Mi avevano cacciato dalla stanza quella sera, ma a zia olimpia avevano permesso di restare qualche ora in più, giusto per farla calmare e aspettare che si addormentasse.

Scesa dall'ospedale, zia era costernata.

Il panico si leggeva nei suoi occhi, e non sapeva, come me, cosa pensare.

Mi vestii in fretta, preparai qualcosa da mangiare e corsi in macchina.

Alle 7 meno 20 anche zia Olimpia ci raggiunse in macchina, prionti per partire verso il patibolo.

Per me questo era, un patibolo. Non sapevo cosa aspettarmi, e non sapevo cosa mi sarebbe accaduto dopo, nei giorni successivi.

Io e zia avevamo stabilito dei turni; una notte io e una notte Lei, e insieme avremmo portato mamma a casa una volta finito tutto.

Arrivammo in ospedale prima che mamma entrasse in sala operatoria.

Ero terrorizzata. Indossava un pigiama rosa e una vestaglia abbinata, e anche da malata, era stupenda.

Quella notte aveva risposato solo un ora grazie ai tranquillanti, ma il loro effetto era finito appena il chirurgo era entrato nella stanza. Senza pudore e sinceramente (il che non so a quanto fosse servito e quanto fosse stato giusto), il suo medico gli elencò tutti i possibili rischi, tutto ciò che avrebbe eliminato oltre la malattia dal suo corpo e quanto, potenzialmente, sarebbe potuta durare l'operazione. Almeno 7 ore.

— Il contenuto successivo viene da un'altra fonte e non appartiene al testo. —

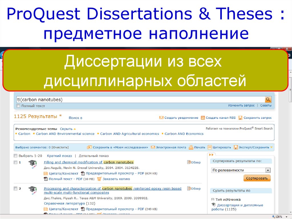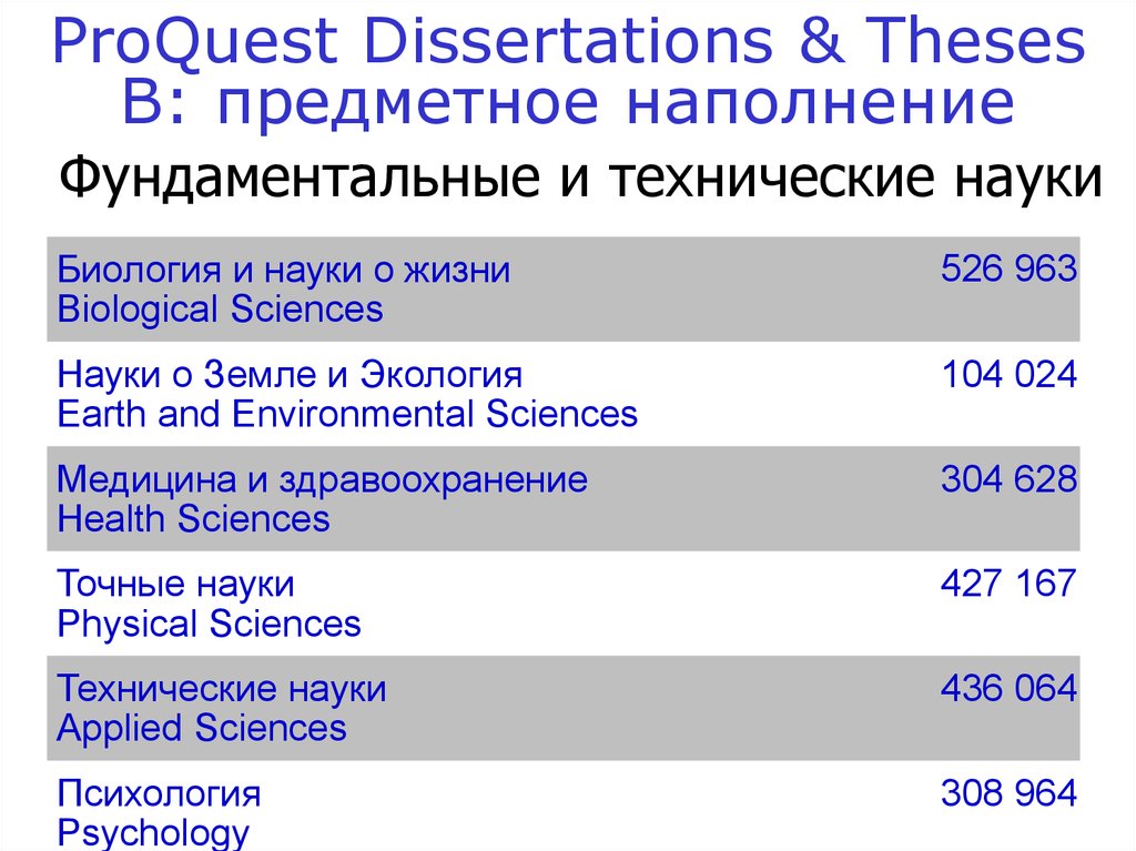 ProQuest Dissertations & ThesesB: предметное наполнение

Insomma, dai. Dillo ad un malato del genere che resterà immobile per 7 ore inconsciamente lottando tra la vita e la morte. Che fa, il problema mica è tuo.

Mamma scoppiò in lacrime. La zia si fece avanti chiedendo al primario se Io avessi potuto salutarla, prima che la portassero via in sala operatoria.

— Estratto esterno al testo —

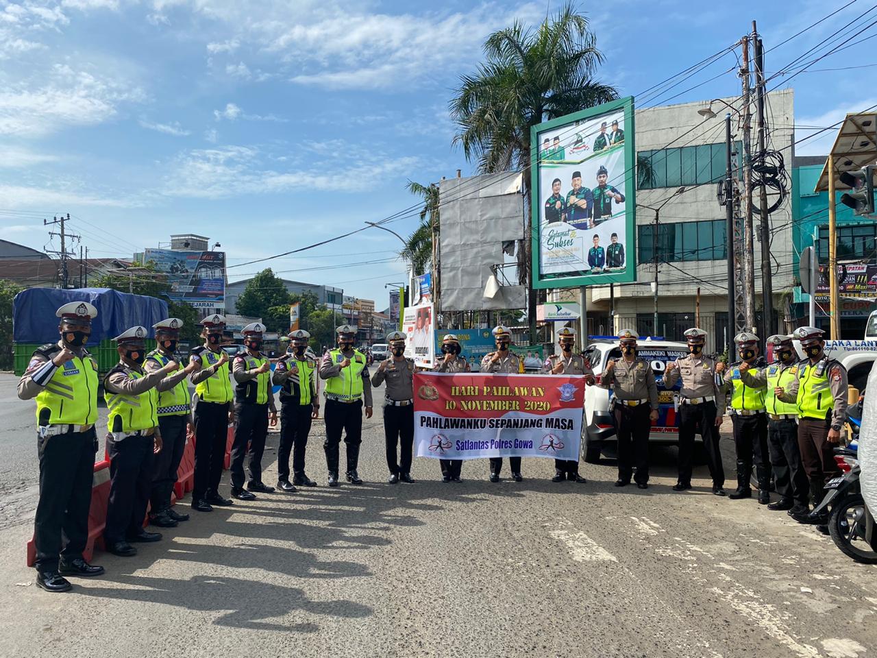 Gowa, Sulawesibersatu.com – Sat Lantas Polres Gowa mengajak para pengendara yang melintas di perempatan jalan malino – jl usman salengke, lebih tepatnya di Traffic light Pos 700 jl. Poros malino kel.Sombaopu Kabupaten Gowa,Selasa 10 Nopember 2020.

<<Certo tesoro, la tua mamma è nella stanza in fondo al corridoio>>. Disse.

So dov'è la stanza di mia mamma, babbeo.

Questo ripetevo dentro me, mentre camminavo in quel corridoio rosa/rosso e irritante agli occhi.

Appena entrata, mamma era già mezza nuda.

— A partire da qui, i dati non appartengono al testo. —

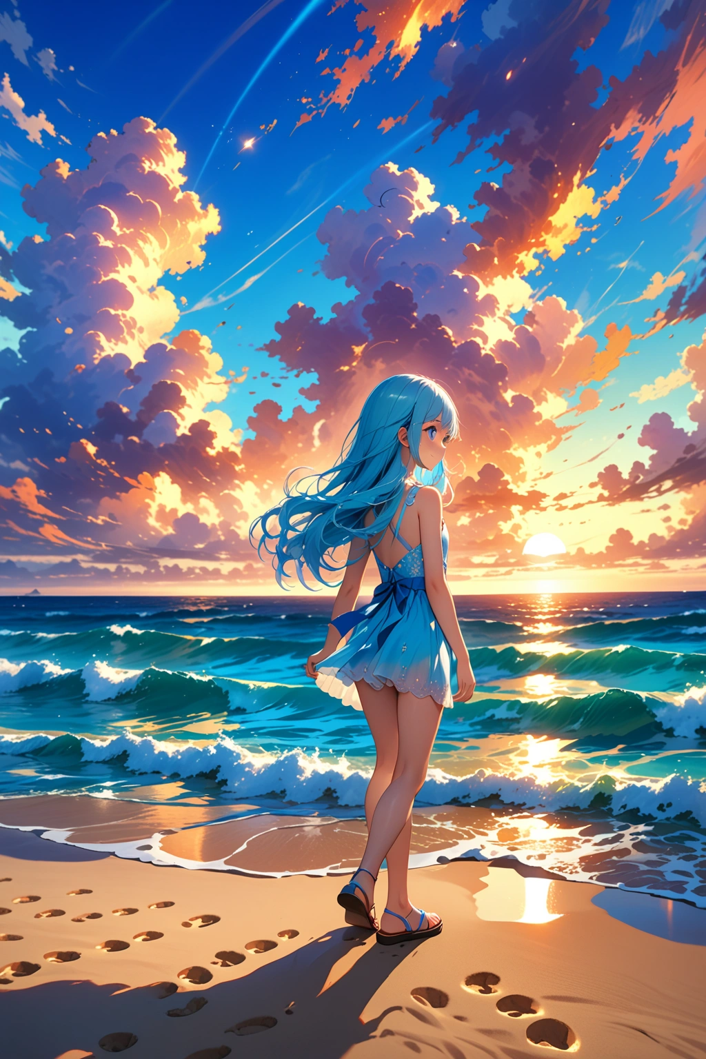 masterpiece, best quality, extremely detailed, (illustration, official art:1.1), 1 girl ,(((( light blue long hair)))), ,(((( light blue long hair)))),light blue hair, ,10 years old, long hair ((blush)) , cute face, big eyes, masterpiece, best quality,(((((a very delicate and beautiful girl))))),Amazing,beautiful detailed eyes,blunt bangs((((little delicate girl)))),tareme(true beautiful:1.2), sense of depth,dynamic angle,,,, affectionate smile, (true beautiful:1.2),,(tiny 1girl model:1.2),)(flat chest)),masterpiece,best quality, masterpiece, highres, best qualtiy,tmasterpiece,超高分辨率,(真实感:1.4),RAW photogr,warm lights,The sea and the beach,1girl,Walking on the beach,White color blouse,Short skirt,sandals,the setting sun,footprints,(slim,dignified,shyexpression),Beautiful teenage girl,Beautiful goddess,Detailed scenes, Beautiful digital illustration, the detail,Hyper-detailed, Cinematic quality,((from below)) , , <lora:sanDka2:1> <lora:yawanuri:1> ,,

Indossava solo il camice da sala operatoria verde e la cuffietta per coprire i capelli.

Le infermiere la aiutarono a salire sul lettino, mentre le sue lacrime bagnavano quel piccolo, sottile e scomodo materasso su cui il suo esile corpo poggiava.

La guardai, anche io in un mare di lacrime.

<<Ti aspetto qui fuori, fai presto>>, dissi con la voce tremante.

<<Ciao vita mia>>. Poi, mamma si rivolse a zia Olimpia.

<<Oly, qualsiasi cosa accada, stai attenta a Martina. Ha bisogno di qualcuno accanto a Lei. La affido a te.>>.